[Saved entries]
# # #

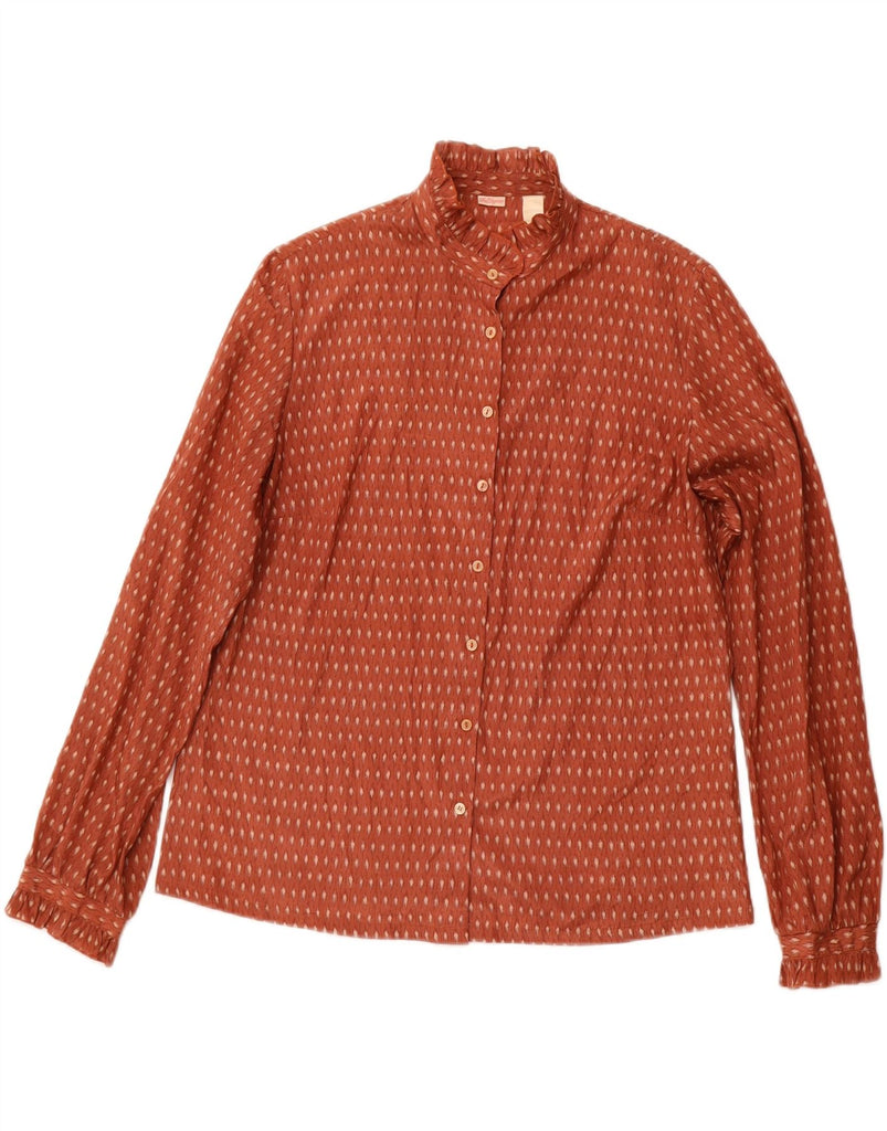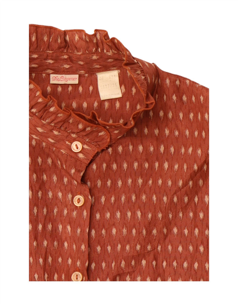 VINTAGE Womens Shirt Blouse IT 44 Medium Brown Spotted Polyester
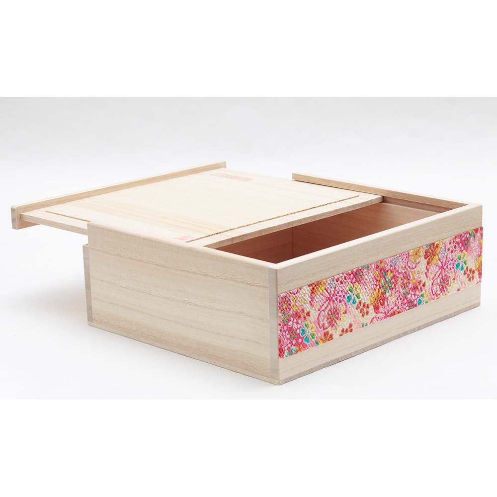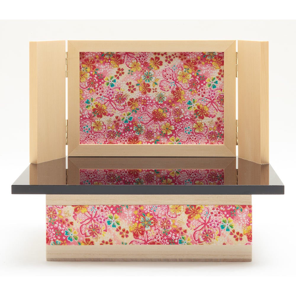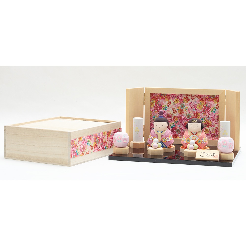 華やかな柄のちりめんを使用した屏風に、一刀彫特有のあたたかみを感じさせるお人形が映えます。
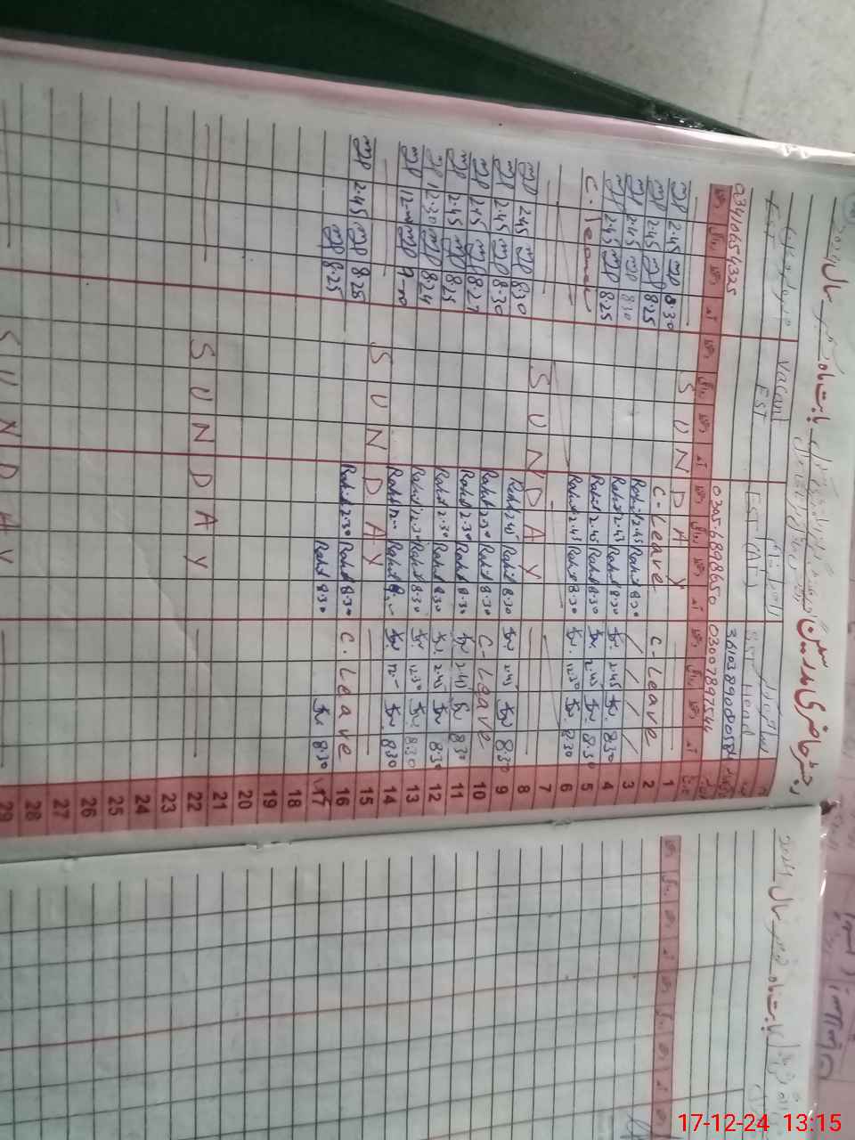 | CNIC | Full Name | Designation | R/C | Absence During Last Calender Month |
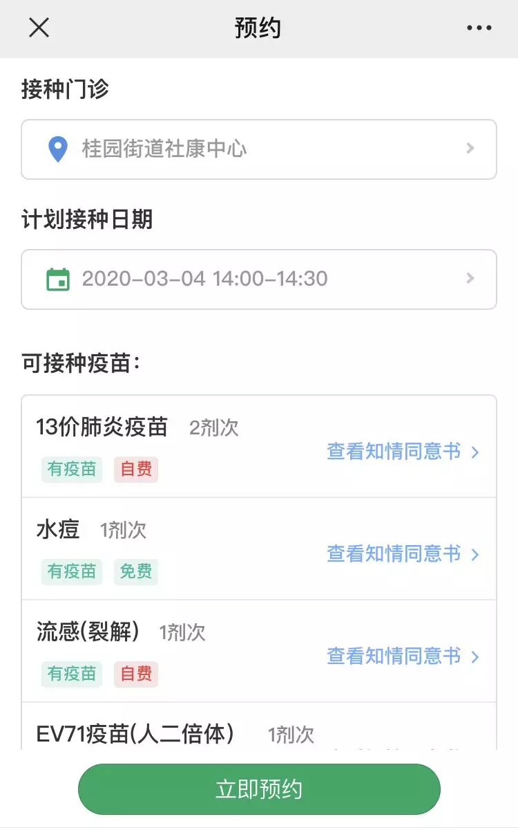 2.成功關(guān)聯(lián)寶寶后,點(diǎn)擊立即預(yù)約,選擇接種機(jī)構(gòu)及計(jì)劃接種日期,查看可接種疫苗的針次及疫苗庫(kù)存,確認(rèn)無(wú)誤后立即預(yù)約。
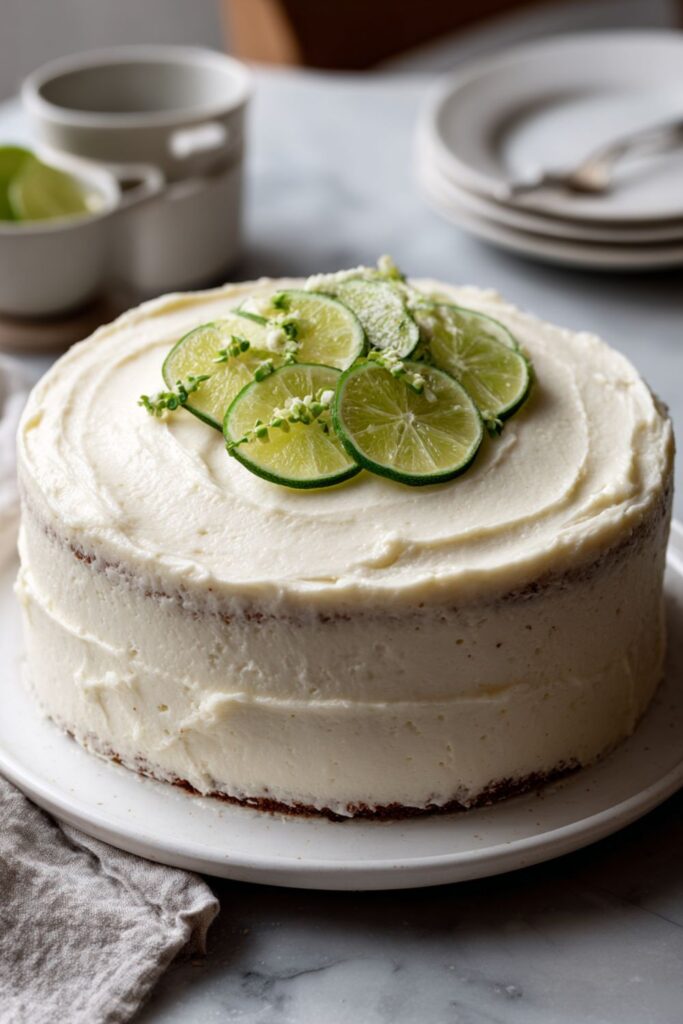 A tangy, moist lime cake topped with creamy lime-infused frosting, perfect for any occasion.
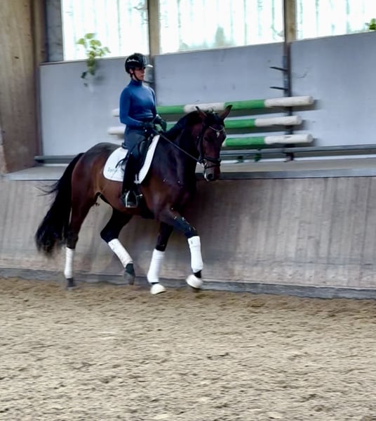 Stunning 4-year-old gelding by L’Arc de Triomphe out of Tenerife VDL. This promising young horse has been under saddle for just 3 months and already impresses with three quality gaits – highlighted by an outstanding walk!!! He combines a wonderful temperament with a sweet, willing character, making him easy to handle both on the ground and in the saddle. Standing at 1.77 m, he is a tall horse, offering a comfortable seat even for riders of smaller build. As shown in the video, the rider is only 1.65 m tall – proof of his excellent rideability and manageability. With his scope, temperament, and rideability, Le Roix Triomphant is a horse with a very bright future. ✅ X-rays available on request. 💶 A trial fee of €50 is required to discourage equestrian tourism and ensure only genuinely interested buyers come to try him. 📍 Located in Germany, on the Swiss border. 📩 info@daniadressage.com for more information
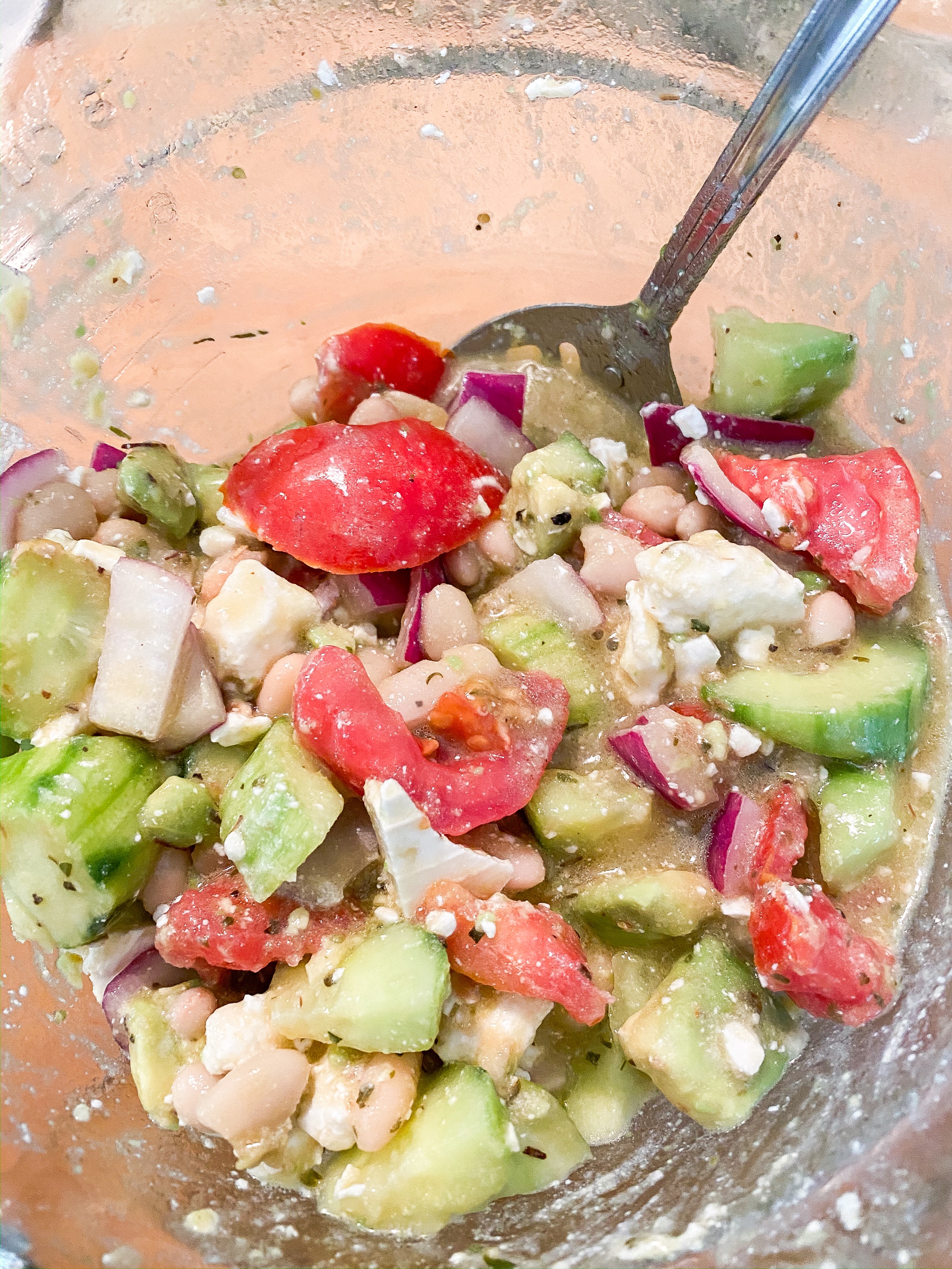 I experienced a Greek salad along the shore with my parents and my husband that was just perfection. It was such a simple salad but the ingredients still sing the song of that moment to me every time that I put them together. The tomatoes were rough cut, not sliced. The cucumbers were the same. The olive oil was next level pure pressed sunshine and earth….. and the feta was just a blessing of the moment.

# # #

(TRY IT):
Your task is to reproduce the entries above word for word, from the first line through the line with "A tangy, moist", and please leave out any pictures.

(FINISHED EXERCISE):
 VINTAGE Womens Shirt Blouse IT 44 Medium Brown Spotted Polyester
 華やかな柄のちりめんを使用した屏風に、一刀彫特有のあたたかみを感じさせるお人形が映えます。
 | CNIC | Full Name | Designation | R/C | Absence During Last Calender Month |
 2.成功關(guān)聯(lián)寶寶后,點(diǎn)擊立即預(yù)約,選擇接種機(jī)構(gòu)及計(jì)劃接種日期,查看可接種疫苗的針次及疫苗庫(kù)存,確認(rèn)無(wú)誤后立即預(yù)約。
 A tangy, moist lime cake topped with creamy lime-infused frosting, perfect for any occasion.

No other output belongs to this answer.